Justice Kagan writes a dissenting opinion, joined by Justices Breyer and Sotomayor. The dissenters take particular aim at the majority’s overruling of Teague. From Justice Kagan’s introduction:
So everything rests on the majority’s last move—the overturning of Teague’s watershed exception. If there can never be any watershed rules—as the majority here asserts out of the blue—then, yes, jury unanimity cannot be one. The result follows trippingly from the premise. But adopting the premise requires departing from judicial practice and principle. In overruling a critical aspect of Teague, the majority follows none of the usual rules of stare decisis. It discards precedent without a party requesting that action. And it does so with barely a reason given, much less the “special justification” our law demands. Halliburton Co. v. Erica P. John Fund, Inc., 573 U. S. 258, 266 (2014). The majority in that way compounds its initial error: Not content to misapply Teague’s watershed provision here, see ante, at 10–14, the majority forecloses any future application, see ante, at 14–15. It prevents any procedural rule ever—no matter how integral to adjudicative fairness—from benefiting a defendant on habeas review. Thus does a settled principle of retroactivity law die, in an effort to support an insupportable ruling.
Monday, May 3, 2021
Interesting Fifth Circuit Decision on Personal Jurisdiction: Douglass v. Nippon Yusen Kabushiki Kaisha
On Friday, a panel of the U.S. Court of Appeals for the Fifth Circuit issued a very interesting per curiam decision in Douglass v.

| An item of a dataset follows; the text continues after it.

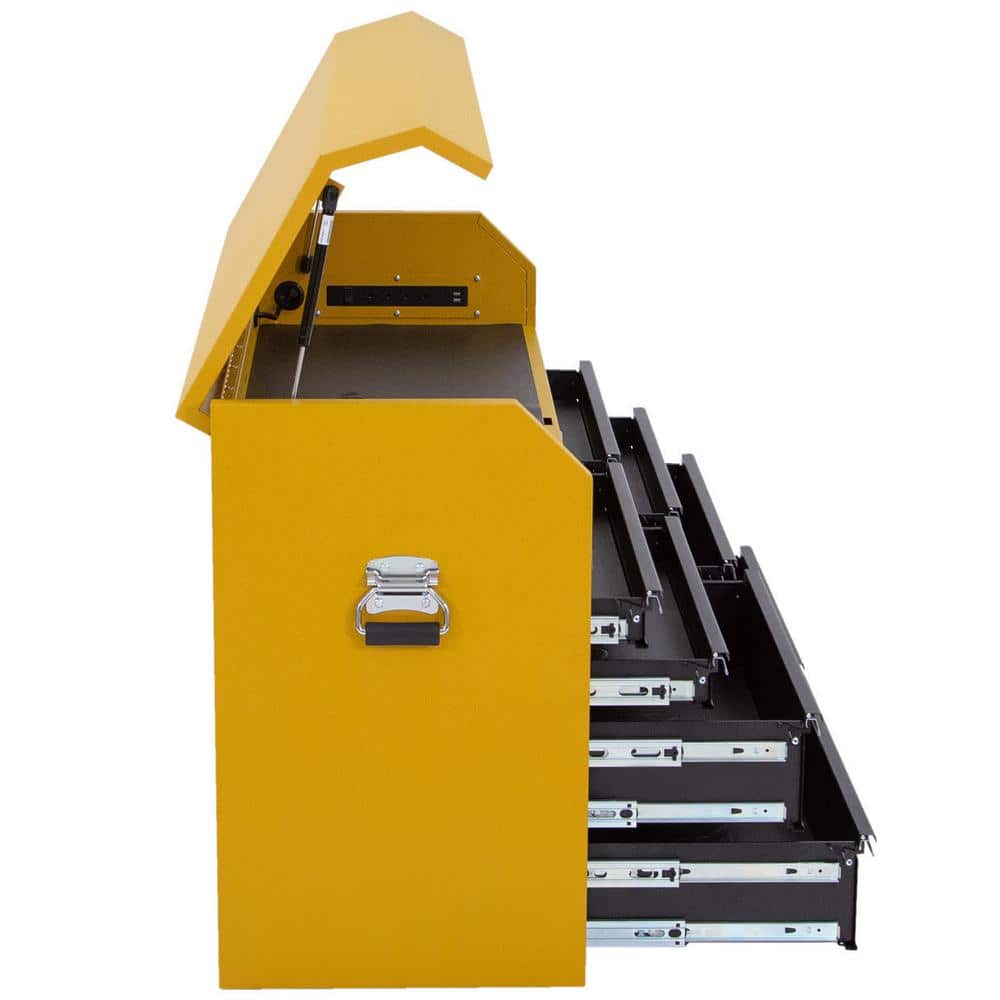 A: Indeed, it features a built-in power strip, perfect for charging or powering your tools directly from the chest.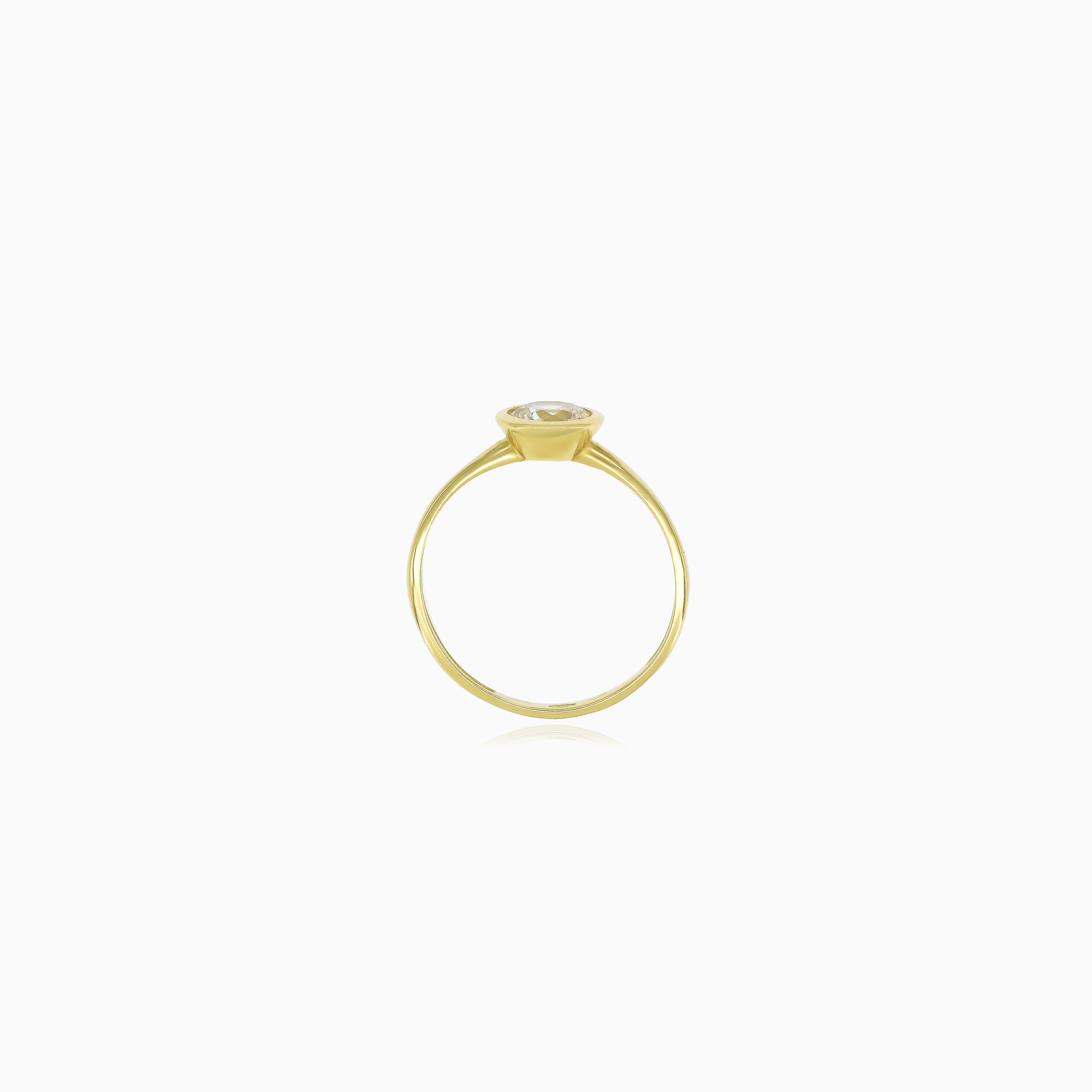 This stunning women’s ring is crafted in 14kt yellow gold, featuring a round fine step-cut cubic zircon. The bezel setting highlights the brilliance of the stone, offering a modern yet classic look. With a lustrous design, this ring exudes timeless elegance and sophistication.

Nippon Yusen Kabushiki Kaisha. The case involves personal jurisdiction in federal court under FRCP 4(k)(2), which presents a different constitutional inquiry than most personal jurisdiction cases because it implicates the Due Process Clause of the Fifth Amendment rather than the Fourteenth Amendment.
The panel rejects jurisdiction, finding itself constrained by an earlier Fifth Circuit decision. But notwithstanding that case law, the Douglass panel finds the arguments in favor of jurisdiction “persuasive,” and Judge Elrod’s concurring opinion (joined by Judge Willett) calls for the en banc Fifth Circuit “to correct our course.” (In the interest of full disclosure, I joined an amicus brief with fellow civil procedure professors Helen Hershkoff, Arthur Miller, Alan Morrison, and John Sexton supporting the plaintiffs-appellants in this case.)